An alternative is to suppose that he was careful and diligent about his own writing and his work as Head of the Faith and especially as the authorized Interpreter, but he was not a controlling personality. He allowed his secretaries and the national and local Spiritual Assemblies, and essay writers in The Bahai World, and authors and Bahais in general, to have their opinions and their areas of expertise and ignorance, to do their work according to their own lights and to bear responsibility for it, without consistent and detailed correction from the Guardian. Rather than supposing that he overlooked matters of which he could hardly have been unaware, we can suppose that he saw, and often decided that his intervention was not warranted.

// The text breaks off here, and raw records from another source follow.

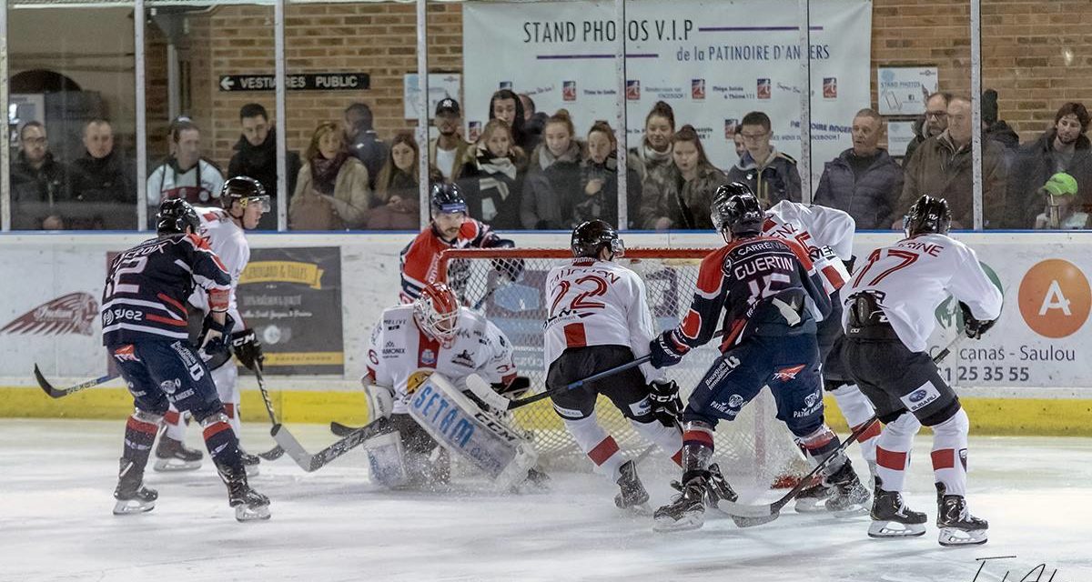 Le début de match est assez timide, avec peu de lancers sur les cages adverses. Il faut attendre une remise en jeu dans le camp chamoniard, pour voir l’ouverture du score. Sur un shoot plein axe, Gary Levêque trouve la faille face à un gardien de but masqué par ses défenseurs, il est assisté de Kévin Igier et de Loïc Farnier (1-0, 7’56). Cinq minutes plus tard, Chamonix va égaliser un peu contre le court du jeu. En effet, les visiteurs vont profiter d’une supériorité numérique en leur faveur pour marquer par l’intermédiaire de Perry Darrisso, oublié devant la cage, assisté de Vojtech Kloz et de Cody Freeman (1-1, 13’01). Les Angers vont reprendre leur marche en avant dans la deuxième période et profiter à leur tour d’une supériorité numérique. La paire Cody Campbell et Maxime Lacroix remonte le palet en zone offensive, puis elle sert Danick Bouchard, qui contourne la cage par la droite et surprend Richard Sabol, en lui glissant le palet dans le soupirail (2-1, 32’18). A la suite d’une interception en zone neutre, Campbell a l’occasion de tripler la mise, mais il manque son face-à-face avec Sabol (35’10). Il manquera à nouveau son duel, à la suite d’un superbe mouvement individuel (50’27). Danick Bouchard a lui aussi l’occasion de creuser l’écart, en récupérant un palet en zone neutre, mais face au portier adverse, il tire au-dessus (53’29). On rentre dans le money-time et le score est toujours aussi indécis. Dans la dernière minute, Angers a l’avantage d’être en supériorité numérique. Après un temps-mort, Chamonix tente le tout pour le tout et sort son gardien de but. Et sur un contre, Clément Masson, l’ancien Chamoniard (il a passé huit saisons sur les couleurs de Chamonix), récupère le palet en zone neutre et part seul au but, pour inscrire le but libérateur dans une cage vide, à six secondes du buzzer (3-1, 59’54). Victoire logique et méritée pour les Angevins, même si elle aura été longue à se dessiner.
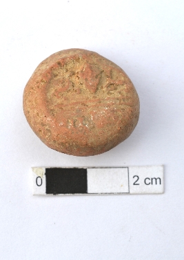 | Description / विवरण | It is a terracotta sealing of baked clay, the legend at the back has worn out. |
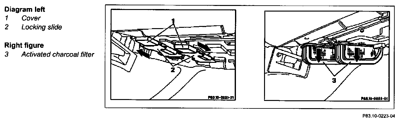 2 Move locking slide (2) in direction of arrow and remove cover (1)
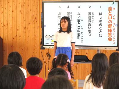 6/24(月)の業間に、健康委員会が中心となって行いました。最初に、歯科検診で歯と口が特に健康と診断された29人を表彰しました。各学年とも半数以上が表彰されました。そのあと、歯に関する〇✕クイズを行いました。児童は全問正解を目指してクイズに取り組んでいました。
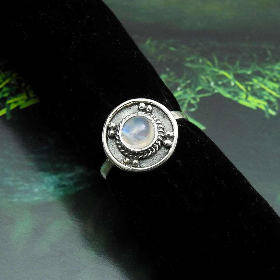 แหวนสไตล์โบฮีเมียนคลาสสิกสำหรับผู้หญิง ทำจากเงินแท้ 925 ประดับด้วยพลอยมูนสโตนสีรุ้ง สวยงาม เหมาะสำหรับเป็นแหวนหมั้นหรือแหวนแต่งงานสำหรับสาวๆ
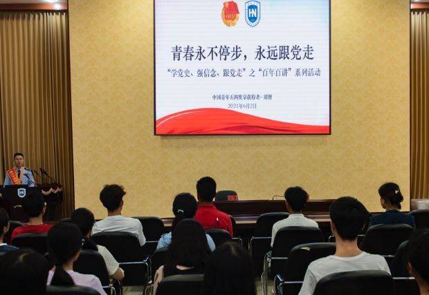 刘智以《青春不停步,永远跟党走》为题,分享了自己的十多年的从警经历,并向同学们介绍了白沙门渡海战役指挥员秦道深的党史故事。他鼓励各位青年学生们传承发扬五四精神,不畏艰险,冲锋在前,坚守公平正义,勇于担当。他呼吁广大青年肩负历史使命,坚定信心,立大志、明大德,成大才、担大任,努力成为堪当民族复兴重任的时代新人,让青春在不懈奋斗中绽放绚烂之花。
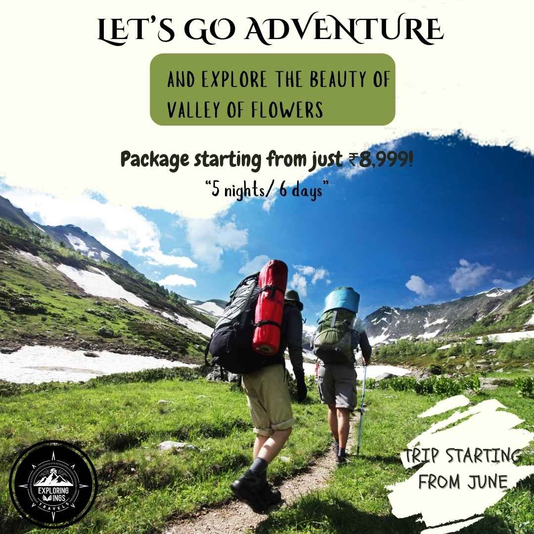 The Valley of Flowers trek from Rishikesh price starts at ₹8,999 per person for a 6 Days / 5 Nights package with Exploring Wings.
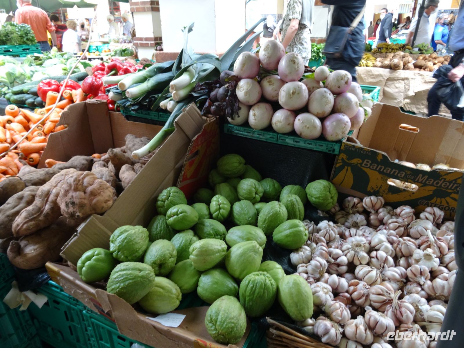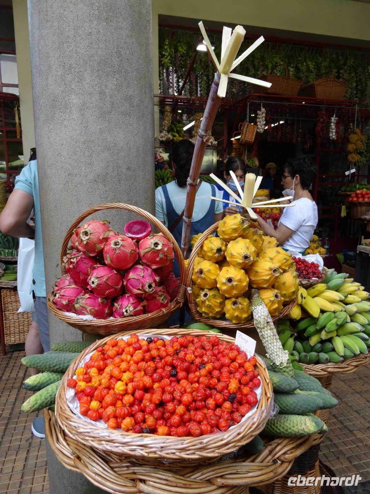 Anschließend fuhren wir in die Hauptstadt der Insel - Funchal. Der erste Besuch galt der Markthalle, denn wir wollten endlich den bekannten schwarzen Degenfisch in Natur sehen. Ehrlich gesagt: Er schmeckt viel, viel besser als er aussieht. An den Ständen in der Markthalle konnten wir von den vielen Früchten wie Papaya, Maracuja, süßen Bananen oder Anona kosten und ließen uns ein wenig von dem Trubel gefangen nehmen.
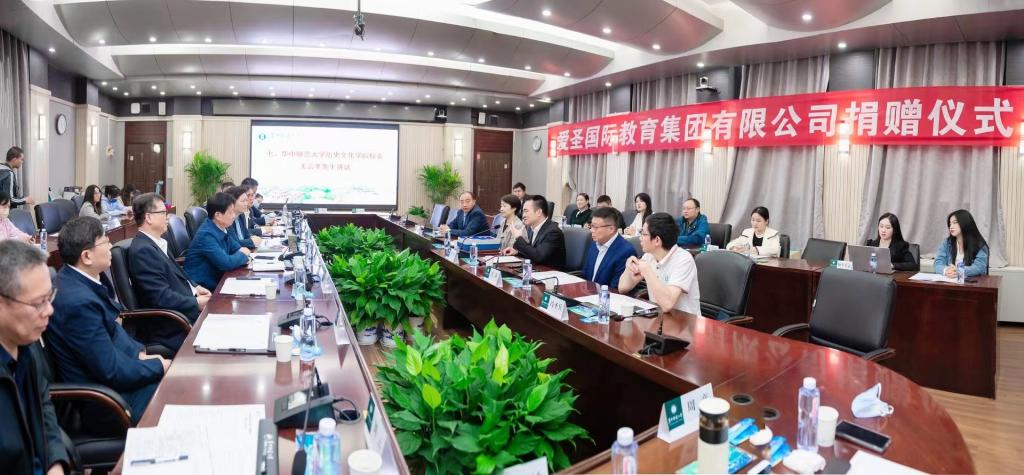 华大在线讯(通讯员易吉林 罗少琦)10月13日,爱圣国际教育集团有限公司捐赠仪式暨校友座谈会在校举行。爱圣国际教育集团有限公司董事长关云平、爱圣国际教育集团有限公司总裁陈雅、副总裁吴跃,校党委书记赵凌云、校长郝芳华、副校长彭南生以及相关单位负责人和师生代表参加捐赠仪式。仪式由副校长任友洲主持。
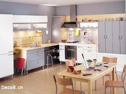在裝修、布置小廚房的時(shí)候不僅需要各個(gè)面有色彩,而且還要有亮度,因?yàn)樾N房的使用面積非常有限,所以在整體色彩安排方面,應(yīng)切忌花花綠綠。特別要注意不能使用印有立體感圖案或明暗對(duì)比強(qiáng)烈的裝飾材料,否則不僅會(huì)使廚房面積在視覺(jué)上顯得狹小,而且容易使人產(chǎn)生凹凸不平的錯(cuò)覺(jué)。墻面色彩安排宜以白色或淺色為主,而不宜使用反差過(guò)大的顏色。
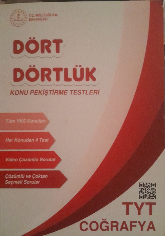 0 kitap TYT Coğrafya için her konudan 4 test, çözümlü ve çoktan seçmeli sorular ile video çözümlü Dört Dörtlük konu pekiştirme testi kitabı.
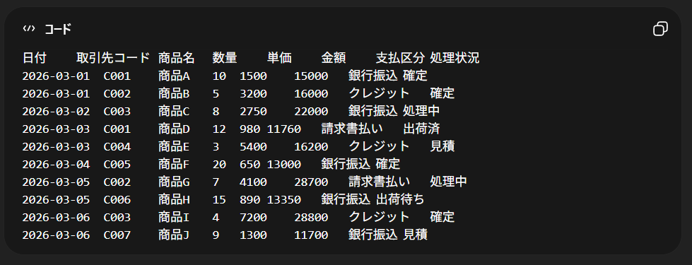 筆者はFAXで届いた書類のスキャンデータを読み込ませ、以下の画像のようにChatGPTでTSVデータ(テキスト形式のファイル)に変換してNotionにデータベースとして保存しています。
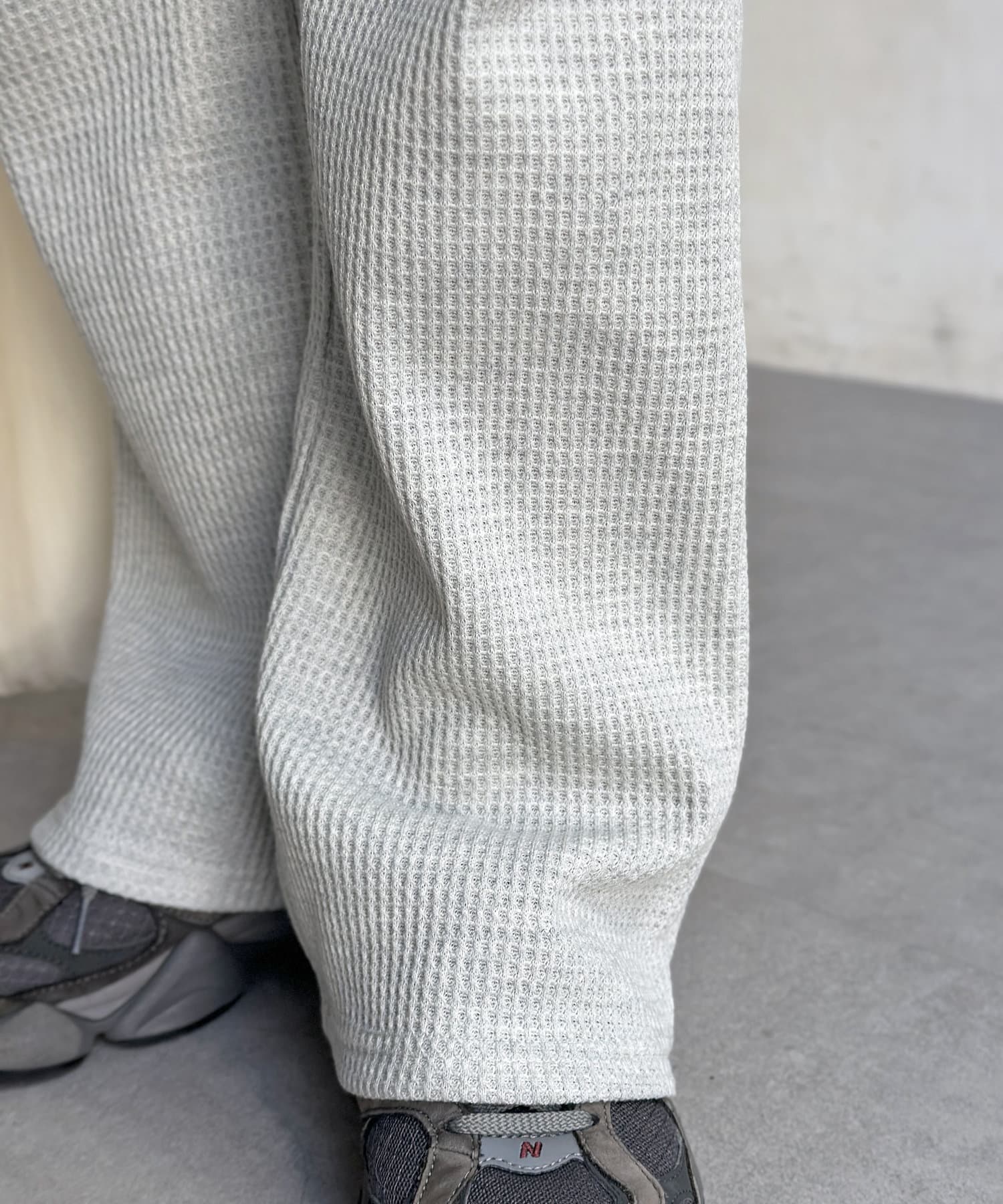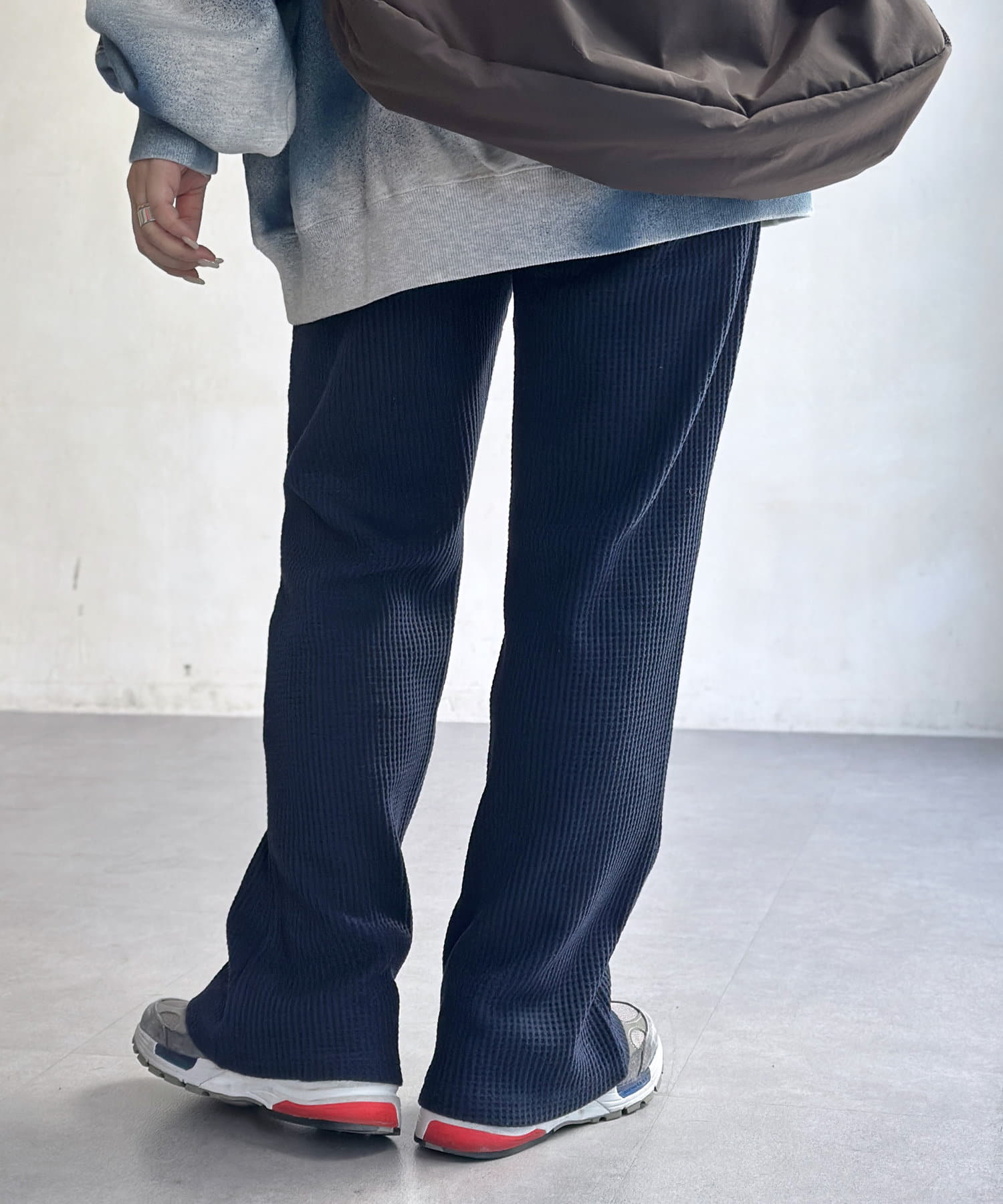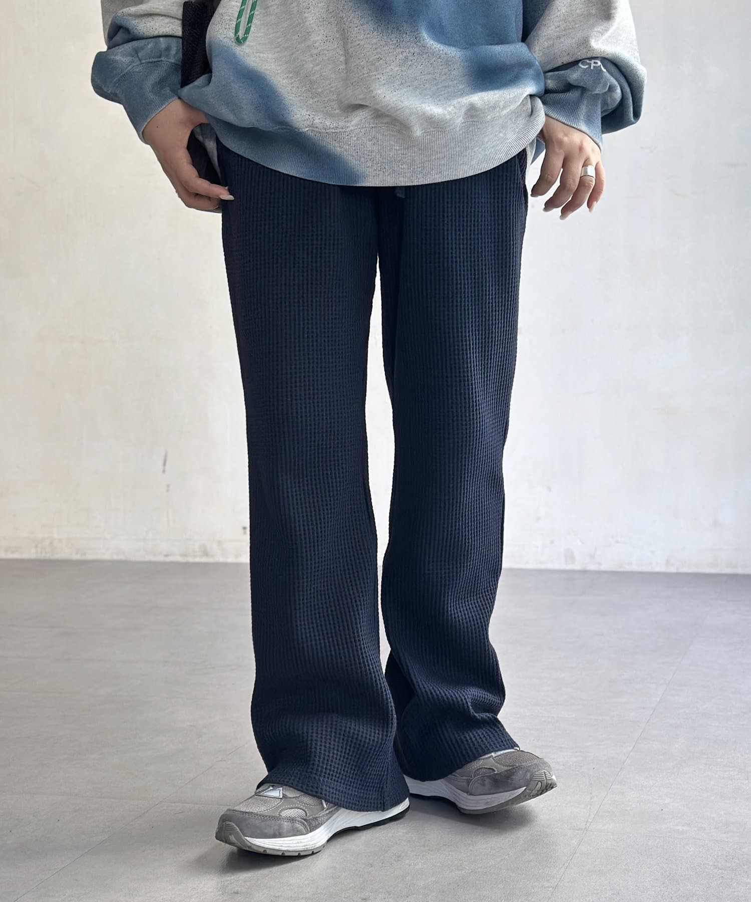 ワッフル素材でリラックスした着心地のイージーパンツ
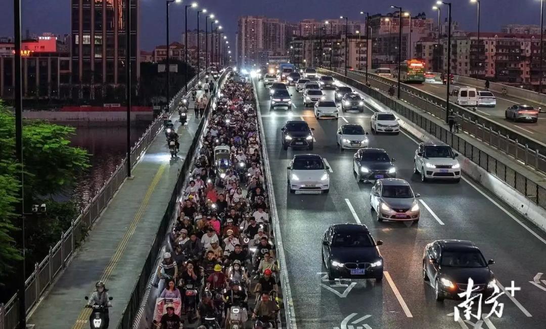 广州金沙洲,专用道上挤满了电鸡。图源:南方+

He praised JE Esslemont’s Baha’u’llah and the New Era and urged its speedy translation in many languages, but he could not have been unaware that it relied at some points on pilgrim’s notes, a source that Shoghi Effendi had warned against from his earliest days as Guardian. He must have known that Esslemont believed in the “mystic unity” of Baha’u’llah and Abdu’l-Baha (p 68 of the 1923 edition), yet he did not refute the idea until February 1934, in The Dispensation of Baha’u’llah, and in the interim he had urged and guided translations into 33 different languages. Why did he not correct the English text regarding this ‘mystic unity,’ in a corrigenda if not in a new edition, before he had it translated? The simplest explanation is again, that he was not a controlling personality, and was content to let others have their opinions and bear responsibility for them, intervening only after a problem had resulted for the Bahai community.
This perspective on the personality of Shoghi Effendi, and on his method and meaning in assigning issues to a secretary or dealing with them himself, has far-reaching implications for the Bahai community today. Letters written on behalf of Shoghi Effendi, along with pilgrim’s notes, bad translations and unauthenticated texts, play a large role in the questions that divide the community. Placing a question mark beside the authority of interpretations contained in these letters will I hope soften the righteous certainty that turns differences of understanding into divisions about minor and mutable points, because ‘Shoghi Effendi said so.’